Варшава была напоена нездешностью, десятилетиями настаивавшейся, томившейся, как в духовке, под кованым на Механке колпаком, накрывшим шестую часть суши. Даже сталинская разлапистая высотка и жилые совковые цеха, удалявшиеся от ее подножия (поаккуратней наших, но с этим к товарищу Молчалину), торчали восхитительной неуместностью в хоре вызывающих блаженную щекотку имен:
Маршалковская, Уяздовые аллеи, Новы Свят, Краковское Предместье,
Жолибож… Молчат магнатские дворцы – лишь Пан Мороз бряцает шпорами, которым едва слышным теньканьем отзываются сгрудившиеся во тьме забытые бокалы: Браницкие, Красиньские… Повстанцы спускаются в тротуар к Анджею Вайде, приземленный Прус на обочине, возвышенный Мицкевич под сетью нагих ветвей, коренастый хохол Монюшко у подошвы неохватного многоколонного театра – шершавы ли у него лацканы? Ложка пользы на бочку поэзии… А вот и ясная площадь размером с хорошую театральную сцену, вокруг которой Головин или Бенуа соорудили дивную декорацию, – не может же это быть…
Но это было. Пятки под собой не чуя, легчайшей поступью, чтобы не спугнуть, не расплескать что-то в себе или в мире, я прошел сквозь мраморный портал общественной уборной, чтоб ничто уже не стояло между мною и тем Неведомо Чем, которое проглянуло сквозь…
Фронтончики, наличники, сграффито, лепка, резьба, чеканка, ковка
– невозможно поверить, что все это только что было кирпичным крошевом, размолотым столкновением двух фантомов, – и вот все до мелочи восстановлено – при паскуднейшем коммунячьем режиме, простыми в массе людьми, а гениальные гримеры снег, дождь, ветер только прошлись трещинами и облупленностями – печатью подлинности. Адский коктейль из горя, любви, пропаганды, корысти, насилия, энтузиазма, глупости, мудрости, ремесла, этот нектар с навозом сотворил чудо. Так, может быть, это я, я сам -
простой человек, желающий из неисчерпаемой сложности выстричь бездействующий, зато лакированный муляж чистой культуры?

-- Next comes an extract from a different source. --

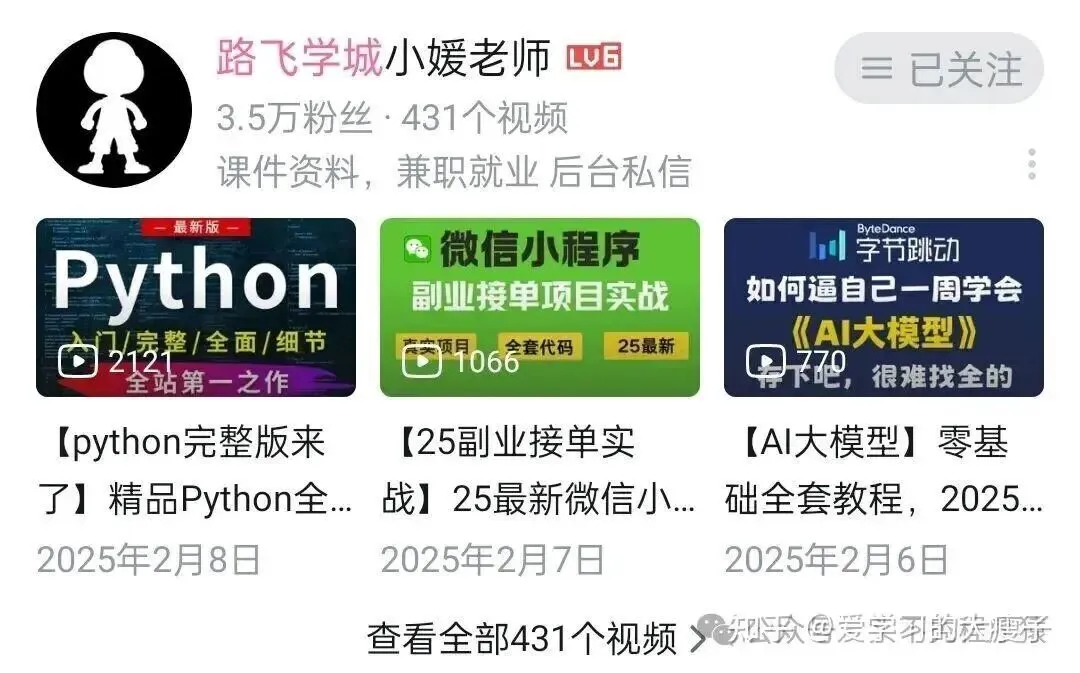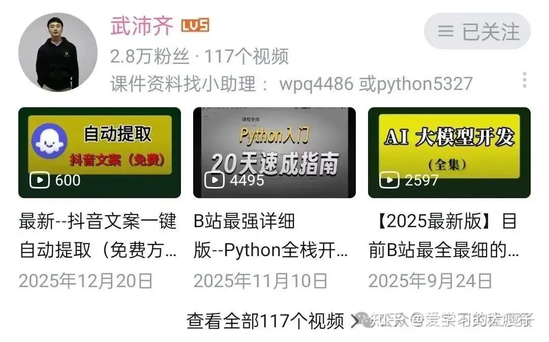 后端开发宝藏讲师,讲课细致入微,对 Flask、Django 框架的讲解深入浅出,从底层原理到项目实战,配套完整的电商、博客等实战项目,学完能独立开发后端接口,知识点全面,适合想做 Python 后端的同学。

Безмерную тяжесть мира едва может выдержать предельное напряжение всех жил потрескивающего исполинского каната, а я хочу его расплести, чтобы свить изящный разноцветный шнурок. Мы вечно обращаем сносное в невыносимое, выдумывая что-то прекрасное и невозможное. Может быть, вовсе и не пустота, а мечта о несбыточном высосала из жизни сок смысла?.. Хотя его можно найти только во всем сразу.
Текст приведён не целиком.